No 200-Mile Relay, but Instead Cream of Wheaton 5K

The 200-Mile Relay I was expecting to run has flopped. The race will go on, but our team will not be involved. A few guys of our 12-person team are hurt or busy.

It is just as well. My workouts have been weak and irregular. My part of the race was to be 3.42, 7.55, and 8.57 miles.

Which bring me around to the Cream of Wheaton Run for the Animals.

Last year, I ran it in 25: 12, an 8:07 pace, taking 19th of 59 places in my age group, and 282 overall. Not ready yet to call my race, but I expect to run much better than that. I ended last summer with a 22:00 5K. If I can equal that, terrific. It would have earned me sixth in my age group, and 111th overall. However, don't call Vegas with your bet.

Compared to last year, off the bat, I am a smarter runner. This will help me train better, and race more sensibly.

To run a 22:00 5K, I need a 7:05 mile pace. Presently I am in no shape to pull that off. I do expect to drop weight aggressively, and with it, catch my wind back, both as a matter of aerobic training that will lose the weight, and by simply not carrying the same baggage.
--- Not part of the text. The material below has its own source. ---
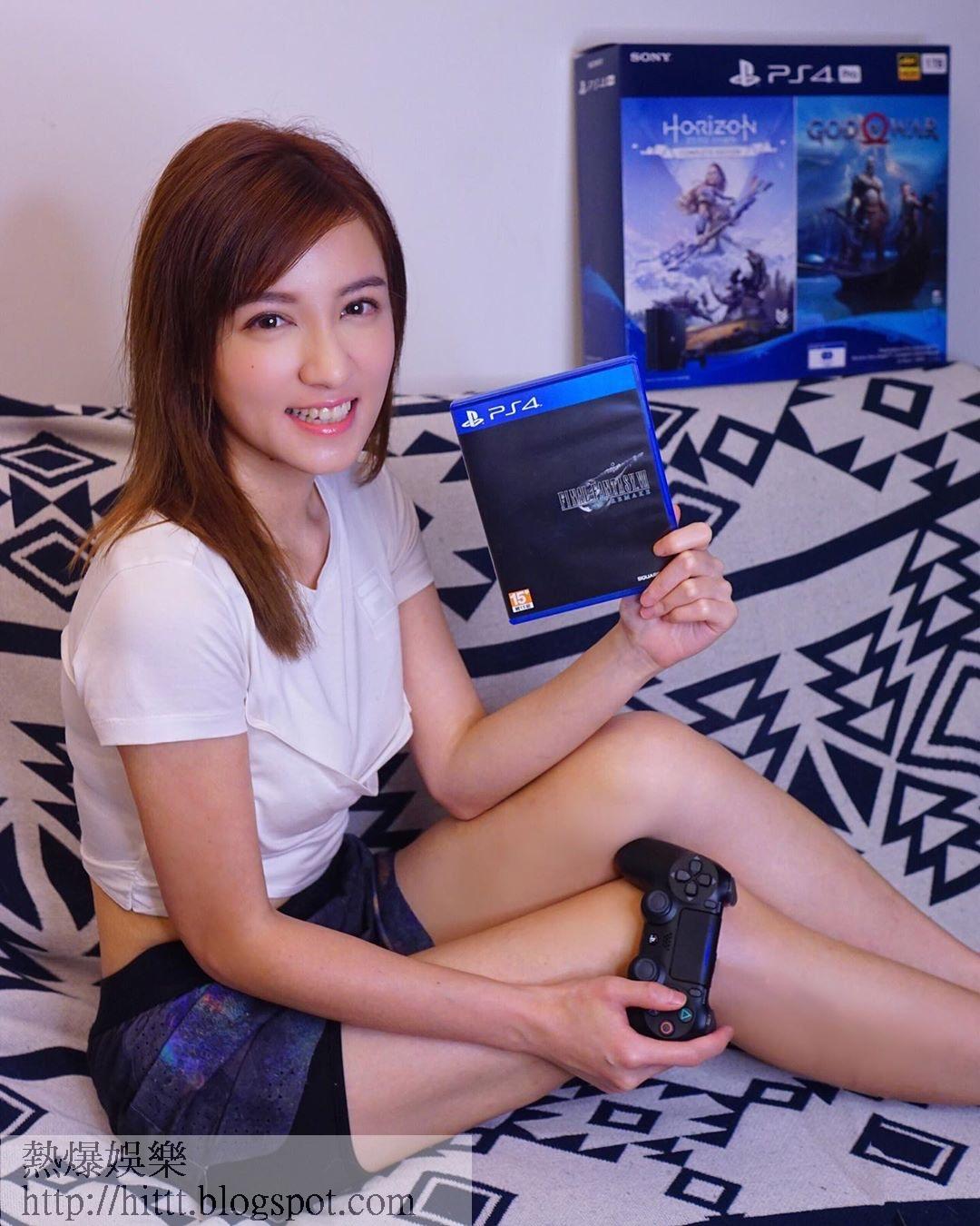 嘉倩在個人IG分享穿家居Look玩PS4的照片,相中的她罕有露出小蠻腰及長腿兼展示甜美笑容。(IG/@kasin520)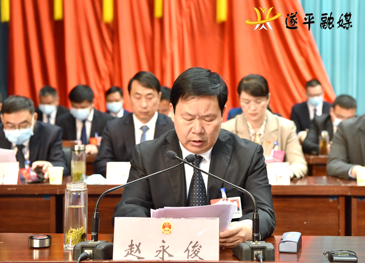 新当选的县人大常委会主任赵永俊发表讲话。他说,会议期间,各位代表以高度的政治自觉、强烈的使命担当,认真履行宪法和法律赋予的职责,共商改革发展大计,共谋遂平发展良策,认真听取和审议通过了《政府工作报告》等6个报告,表决通过了相关决议。大会选举产生了新一届县人大常委会组成人员、县政府领导班子、县法院院长、县检察院检察长,圆满完成了换届选举任务。大会开得很成功,是一次民主、团结、求实、奋进的大会,是一次高举旗帜、维护核心、凝心聚力、共谋发展的大会。

Today, I ache from last night's four miles. Tomorrow will be warm. I'll shed the cold weather togs and lighten my load, and see if I can get a few miles. Sunday will be off, a rest day, and back at it Monday.

2 comments:

Andrew is getting fit said...

I wonder how much weight affects speed? I should find a fit runner and put a weight bag on them. :)

A said...

Runner's World had a piece on this last summer. Roughly, 10 lbs of excess weight = 62 seconds in a 5K, I think I read. I'll check. It was substantial.

Lots of things factor in. The weight must be lose-able. Go beyond that and it becomes injurious. How was the weight lost? In my case, it will mostly be through training, so part of the weight lost returns as muscle, and, in the process of training, fitness increases. If a runner is a veteran, he may not seen the same results, as his overall fitness level may be superior to a couch potato who decides to run a marathon.

However the math shakes out for you personally, it can't help but very good. I have five easy lbs to lose. Could be 10. Possibly 15.

I weight around 137 now. In my fast days, I was almost 110 (107 most often). Quite light by any standard, and I do not think I will see that weight again. There are 27 more lbs, though, that I carry, which causes much trouble over a long run.